Sekrety Zjawiska Samobójstwa - Alternatywny Widok

Spisu treści:

Sekrety Zjawiska Samobójstwa - Alternatywny Widok
Sekrety Zjawiska Samobójstwa - Alternatywny Widok

Wideo: Sekrety Zjawiska Samobójstwa - Alternatywny Widok

Wideo: Sekrety Zjawiska Samobójstwa - Alternatywny Widok
Wideo: 14 znaków, że ktoś rozważa samobójstwo 2024, Może
Anonim

Każdy z nas przynajmniej raz w życiu pomyślał o samobójstwie. Dla niektórych jest to przelotna myśl, podczas gdy ktoś spełnia pewne czarne pragnienie i opuszcza ten świat. Jesteśmy przyzwyczajeni do wyznaczania wyraźnej granicy między nami, żywymi, a tymi, którzy zdecydowali się popełnić samobójstwo, nawet bezskutecznie. Jest to jednak zasadniczo błędne i służy jako dodatkowe źródło samobójczych nastrojów osoby o zachmurzonym umyśle.

Ciekawe, że okoliczności życiowe, które powodują u jednych myśli o śmierci, przez innych mogą być odbierane jako zupełnie normalne - tak różne są u ludzi aspiracje i oczekiwania życiowe.

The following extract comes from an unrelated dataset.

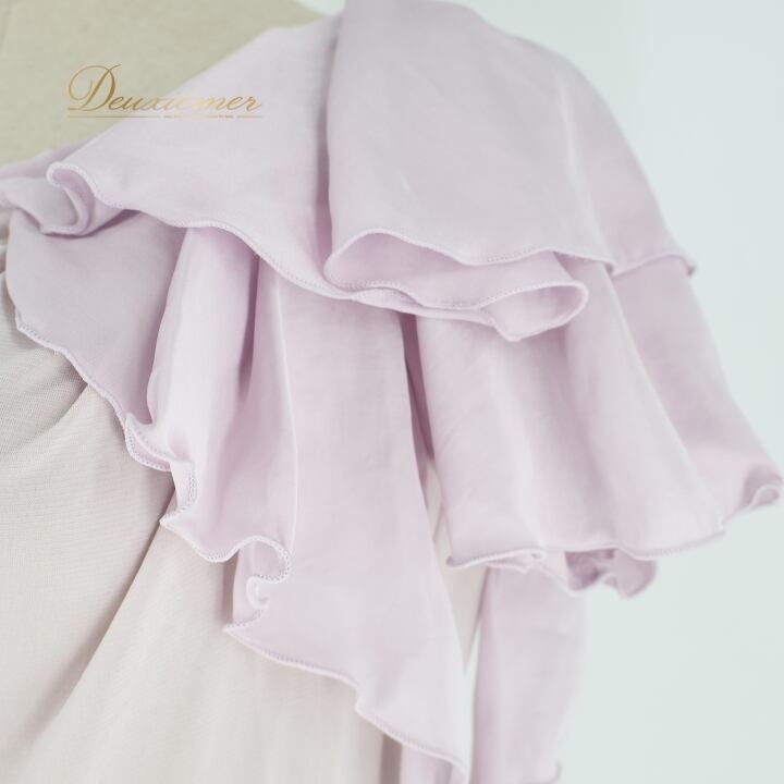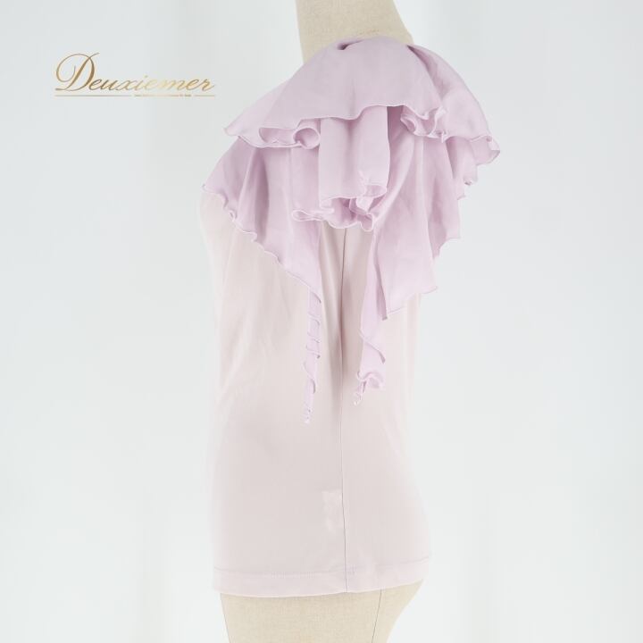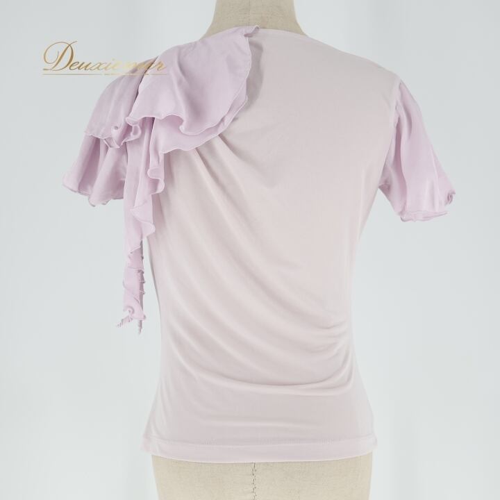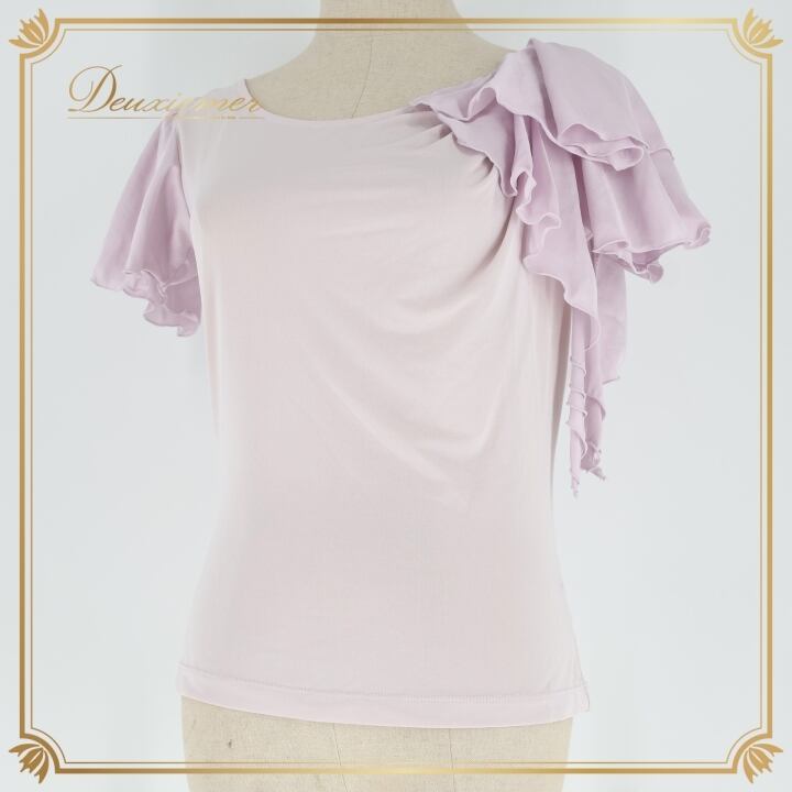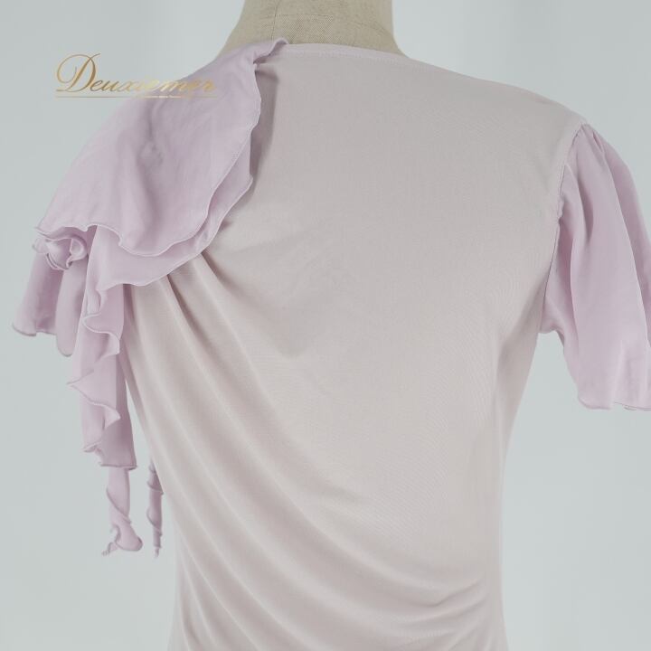 社交ダンス 衣装 トップス ブラウス パープル系 チャコット Chacott 紫 無地 シンプル 淡い 上品 フリル 半袖 日本製 明るい かわいい パーティー ダンス衣装 練習 レッスン イベント ステージ

W efekcie okazuje się, że każdy z nas jest zarażony tym wirusem, który podobnie jak pewna postać opryszczki, również obecny u każdego człowieka, u jednych objawia się często, u innych prawie nigdy. O wszystkim decyduje tylko nasza zdolność radzenia sobie z tak fatalnymi pragnieniami i nasz światopogląd.

Image
Image

Nawet zwierzęta nie są obce takiemu irracjonalnemu zachowaniu. Najbardziej znanymi przejawami „samobójstwa” u zwierząt są dziwne zachowania wielorybów i delfinów. Każdego roku odnotowuje się wiele przypadków wyrzucania tych zwierząt na ląd w całych stadach.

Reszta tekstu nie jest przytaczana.